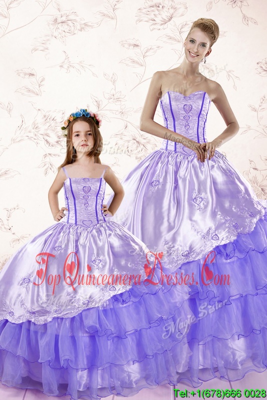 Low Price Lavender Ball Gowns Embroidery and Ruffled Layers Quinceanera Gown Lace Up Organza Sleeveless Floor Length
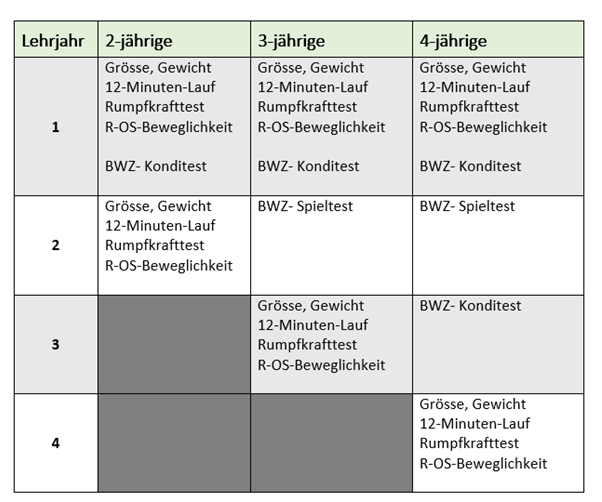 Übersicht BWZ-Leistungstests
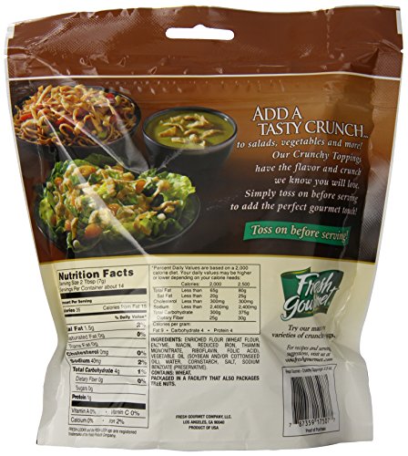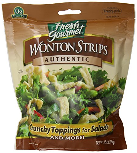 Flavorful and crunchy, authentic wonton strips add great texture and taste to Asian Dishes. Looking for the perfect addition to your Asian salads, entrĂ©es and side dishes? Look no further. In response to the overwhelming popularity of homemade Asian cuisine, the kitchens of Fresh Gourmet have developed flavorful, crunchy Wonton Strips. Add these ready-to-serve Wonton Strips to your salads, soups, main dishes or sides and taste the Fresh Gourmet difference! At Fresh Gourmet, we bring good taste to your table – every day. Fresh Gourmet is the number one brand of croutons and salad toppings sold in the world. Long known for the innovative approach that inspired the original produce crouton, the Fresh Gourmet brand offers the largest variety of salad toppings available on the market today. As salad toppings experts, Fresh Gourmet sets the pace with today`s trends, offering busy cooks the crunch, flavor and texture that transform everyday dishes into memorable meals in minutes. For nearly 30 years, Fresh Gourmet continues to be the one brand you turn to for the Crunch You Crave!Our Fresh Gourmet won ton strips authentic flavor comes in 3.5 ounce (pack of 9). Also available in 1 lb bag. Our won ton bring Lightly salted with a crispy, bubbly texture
------------------------------
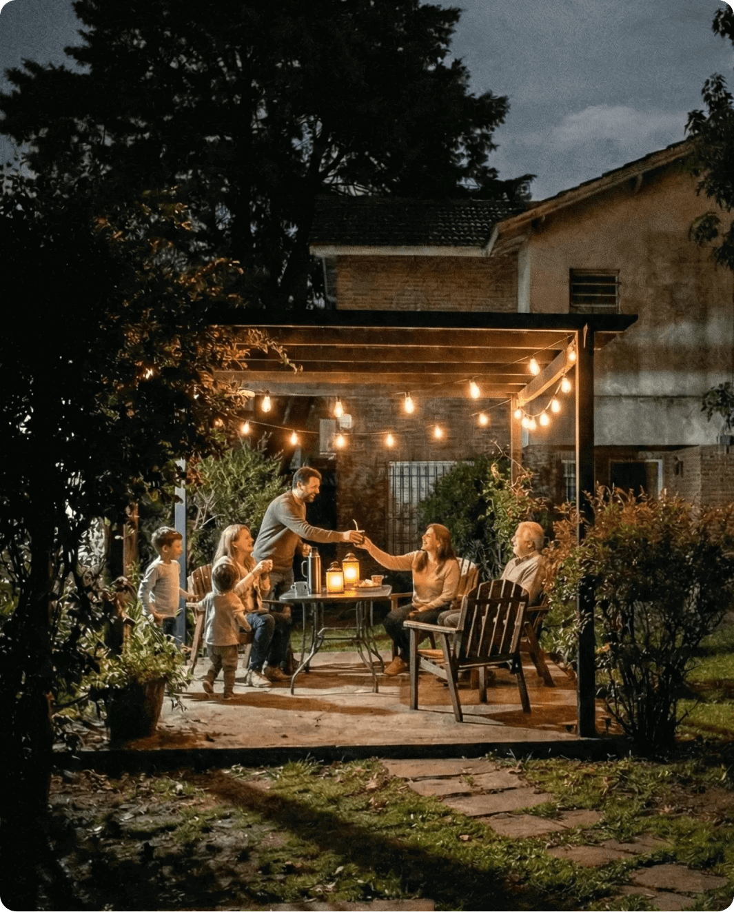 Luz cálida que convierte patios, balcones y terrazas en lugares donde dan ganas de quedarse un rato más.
------------------------------
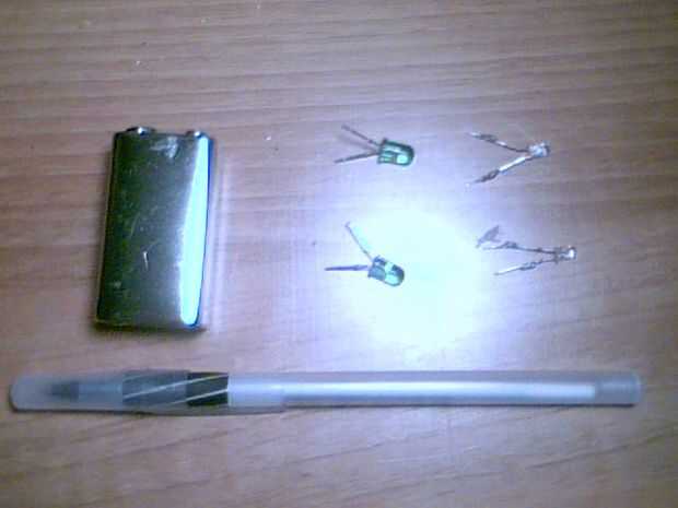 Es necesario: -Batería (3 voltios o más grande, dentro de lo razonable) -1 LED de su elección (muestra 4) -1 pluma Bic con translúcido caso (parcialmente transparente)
------------------------------
Your task
The line holding "Low Price Lavender" starts the copy and the line holding "Flavorful and crunchy, authentic" ends it. Repeat those two lines above and all between them exactly, leaving out pictures.

Output of the task
 Low Price Lavender Ball Gowns Embroidery and Ruffled Layers Quinceanera Gown Lace Up Organza Sleeveless Floor Length
 Übersicht BWZ-Leistungstests
 Flavorful and crunchy, authentic wonton strips add great texture and taste to Asian Dishes. Looking for the perfect addition to your Asian salads, entrĂ©es and side dishes? Look no further. In response to the overwhelming popularity of homemade Asian cuisine, the kitchens of Fresh Gourmet have developed flavorful, crunchy Wonton Strips. Add these ready-to-serve Wonton Strips to your salads, soups, main dishes or sides and taste the Fresh Gourmet difference! At Fresh Gourmet, we bring good taste to your table – every day. Fresh Gourmet is the number one brand of croutons and salad toppings sold in the world. Long known for the innovative approach that inspired the original produce crouton, the Fresh Gourmet brand offers the largest variety of salad toppings available on the market today. As salad toppings experts, Fresh Gourmet sets the pace with today`s trends, offering busy cooks the crunch, flavor and texture that transform everyday dishes into memorable meals in minutes. For nearly 30 years, Fresh Gourmet continues to be the one brand you turn to for the Crunch You Crave!Our Fresh Gourmet won ton strips authentic flavor comes in 3.5 ounce (pack of 9). Also available in 1 lb bag. Our won ton bring Lightly salted with a crispy, bubbly texture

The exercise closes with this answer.